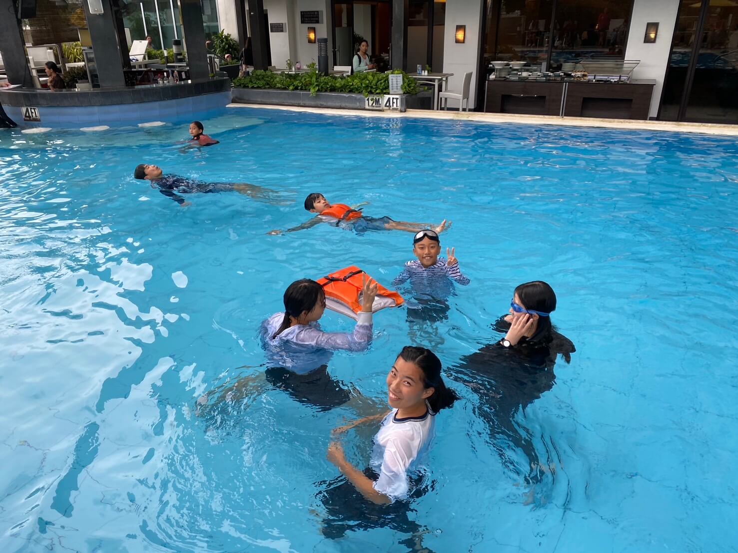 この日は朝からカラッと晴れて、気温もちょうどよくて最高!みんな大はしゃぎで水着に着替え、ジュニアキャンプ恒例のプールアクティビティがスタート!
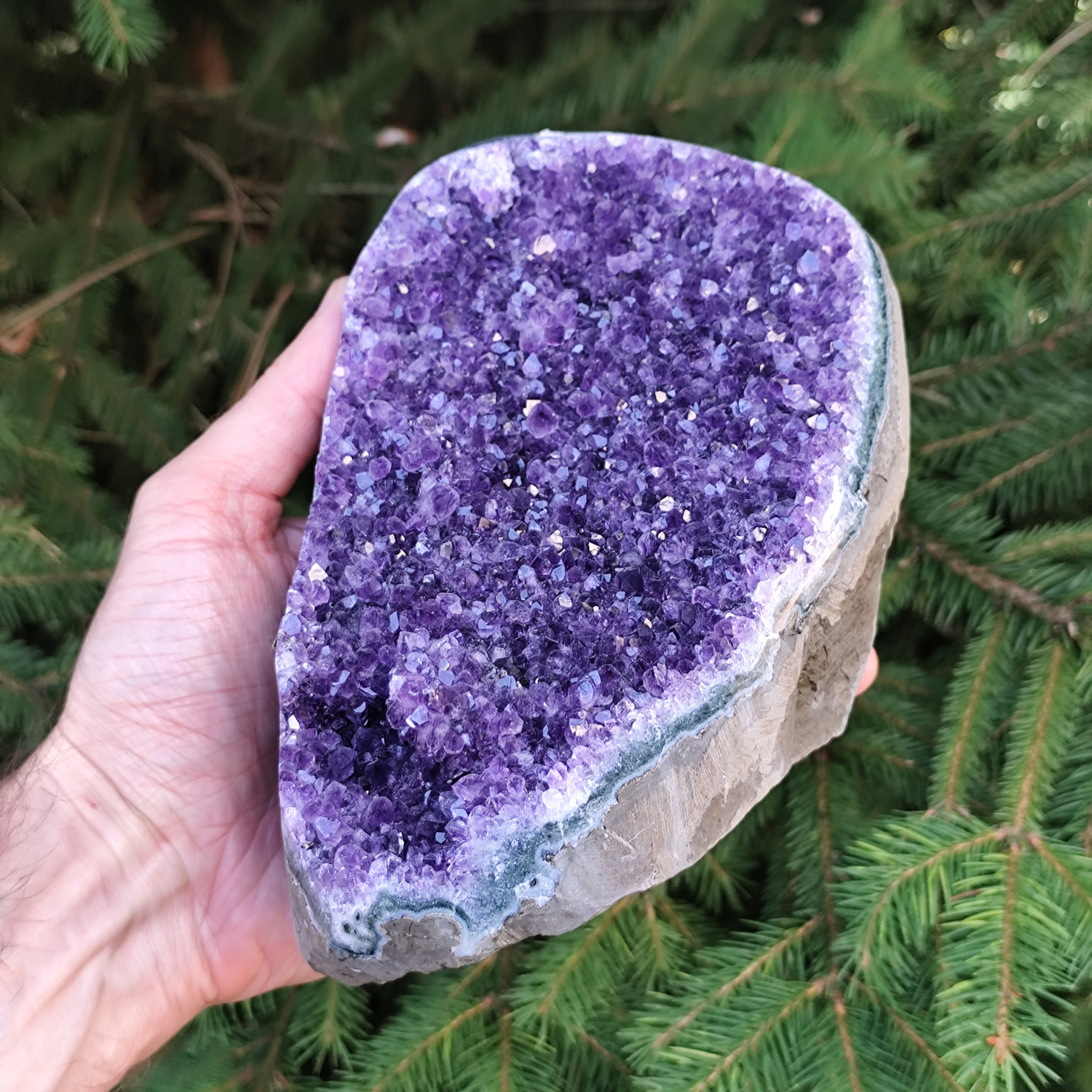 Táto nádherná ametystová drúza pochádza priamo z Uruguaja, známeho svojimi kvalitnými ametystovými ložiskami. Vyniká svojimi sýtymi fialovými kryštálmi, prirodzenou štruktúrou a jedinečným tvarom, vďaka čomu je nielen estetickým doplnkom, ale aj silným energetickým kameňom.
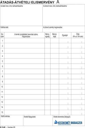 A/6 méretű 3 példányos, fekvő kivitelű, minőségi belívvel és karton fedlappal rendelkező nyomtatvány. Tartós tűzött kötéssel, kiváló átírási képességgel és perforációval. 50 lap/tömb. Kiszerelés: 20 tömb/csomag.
...
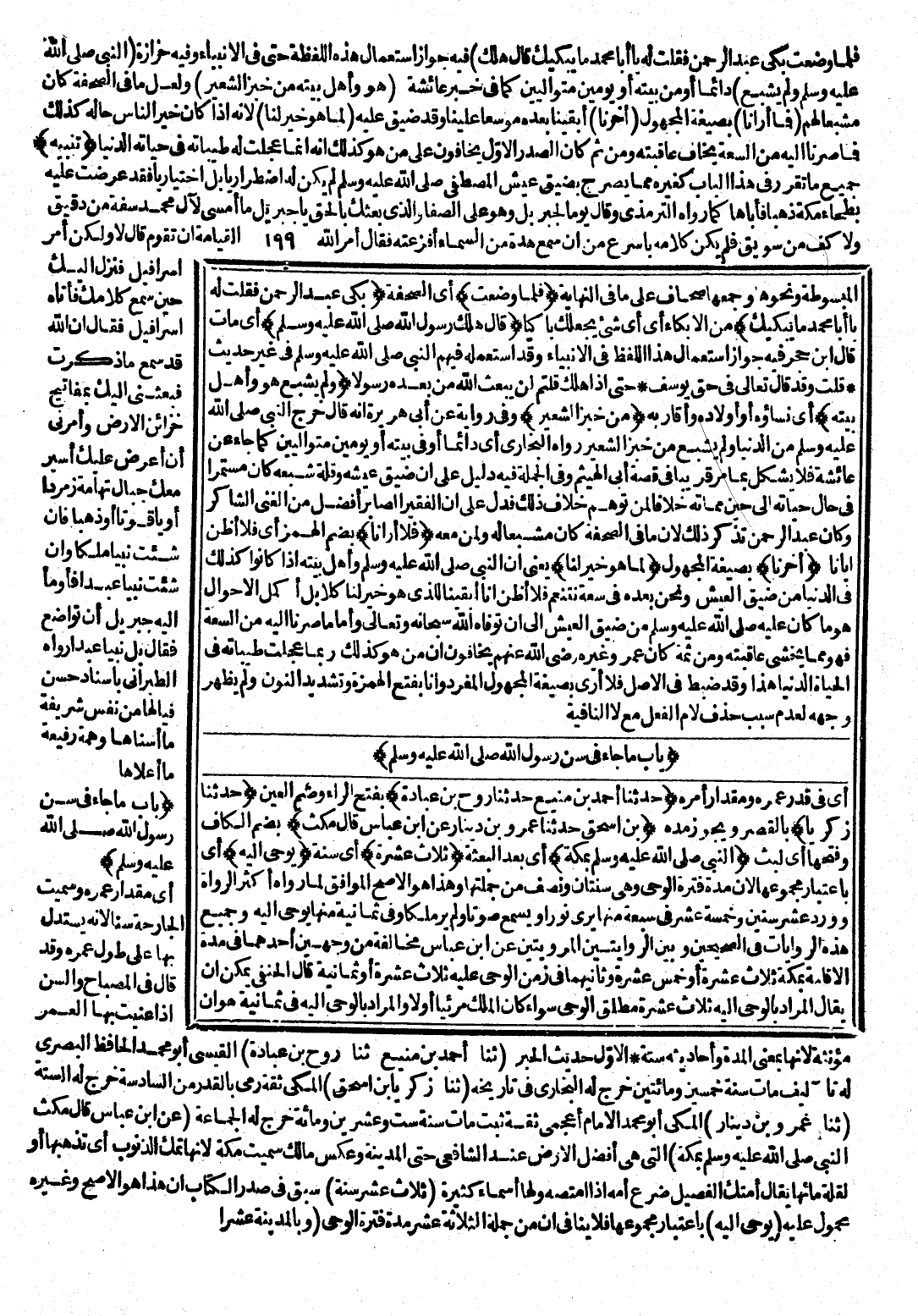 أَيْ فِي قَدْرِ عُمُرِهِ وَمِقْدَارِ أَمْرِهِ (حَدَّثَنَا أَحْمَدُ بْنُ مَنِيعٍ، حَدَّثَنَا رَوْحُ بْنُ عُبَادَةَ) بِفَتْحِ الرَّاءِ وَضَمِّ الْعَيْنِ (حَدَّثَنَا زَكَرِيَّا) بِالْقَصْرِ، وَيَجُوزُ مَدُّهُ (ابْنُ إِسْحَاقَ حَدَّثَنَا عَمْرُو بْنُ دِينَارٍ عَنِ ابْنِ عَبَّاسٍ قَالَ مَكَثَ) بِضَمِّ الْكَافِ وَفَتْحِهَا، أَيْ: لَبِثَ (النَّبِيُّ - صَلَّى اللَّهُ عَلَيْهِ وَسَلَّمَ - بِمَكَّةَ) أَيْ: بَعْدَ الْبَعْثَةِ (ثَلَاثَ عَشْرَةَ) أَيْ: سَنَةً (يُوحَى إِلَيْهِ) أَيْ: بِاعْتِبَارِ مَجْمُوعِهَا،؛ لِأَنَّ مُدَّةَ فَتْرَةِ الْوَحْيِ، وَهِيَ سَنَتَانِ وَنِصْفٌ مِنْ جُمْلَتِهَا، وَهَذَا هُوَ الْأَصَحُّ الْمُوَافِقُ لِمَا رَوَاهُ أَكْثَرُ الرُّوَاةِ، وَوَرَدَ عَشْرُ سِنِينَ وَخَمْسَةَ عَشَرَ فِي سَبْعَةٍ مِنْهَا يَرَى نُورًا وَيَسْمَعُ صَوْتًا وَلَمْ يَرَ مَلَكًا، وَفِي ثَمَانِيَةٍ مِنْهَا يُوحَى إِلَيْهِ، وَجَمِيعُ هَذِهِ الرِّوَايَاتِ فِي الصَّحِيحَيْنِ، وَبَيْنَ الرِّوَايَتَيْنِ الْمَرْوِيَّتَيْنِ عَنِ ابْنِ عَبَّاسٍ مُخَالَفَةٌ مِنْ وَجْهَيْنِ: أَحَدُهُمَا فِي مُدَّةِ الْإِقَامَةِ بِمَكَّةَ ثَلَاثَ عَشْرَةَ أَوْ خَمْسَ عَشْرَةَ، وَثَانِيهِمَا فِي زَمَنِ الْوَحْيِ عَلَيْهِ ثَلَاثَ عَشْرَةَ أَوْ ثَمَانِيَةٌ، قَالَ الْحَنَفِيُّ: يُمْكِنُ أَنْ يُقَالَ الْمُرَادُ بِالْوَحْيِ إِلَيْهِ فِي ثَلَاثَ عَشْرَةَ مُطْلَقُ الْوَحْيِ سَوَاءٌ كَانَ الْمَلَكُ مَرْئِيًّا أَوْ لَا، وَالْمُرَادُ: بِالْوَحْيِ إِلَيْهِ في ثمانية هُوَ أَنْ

* [EXERCISE OBJECTIVE]: Within the material above, find the part that opens with the line containing "この日は朝からカラッと晴れて" and closes with the line containing "Táto nádherná ametystová", and reproduce it exactly without the pictures.

* [WRITTEN SOLUTION]:
 この日は朝からカラッと晴れて、気温もちょうどよくて最高!みんな大はしゃぎで水着に着替え、ジュニアキャンプ恒例のプールアクティビティがスタート!
 Táto nádherná ametystová drúza pochádza priamo z Uruguaja, známeho svojimi kvalitnými ametystovými ložiskami. Vyniká svojimi sýtymi fialovými kryštálmi, prirodzenou štruktúrou a jedinečným tvarom, vďaka čomu je nielen estetickým doplnkom, ale aj silným energetickým kameňom.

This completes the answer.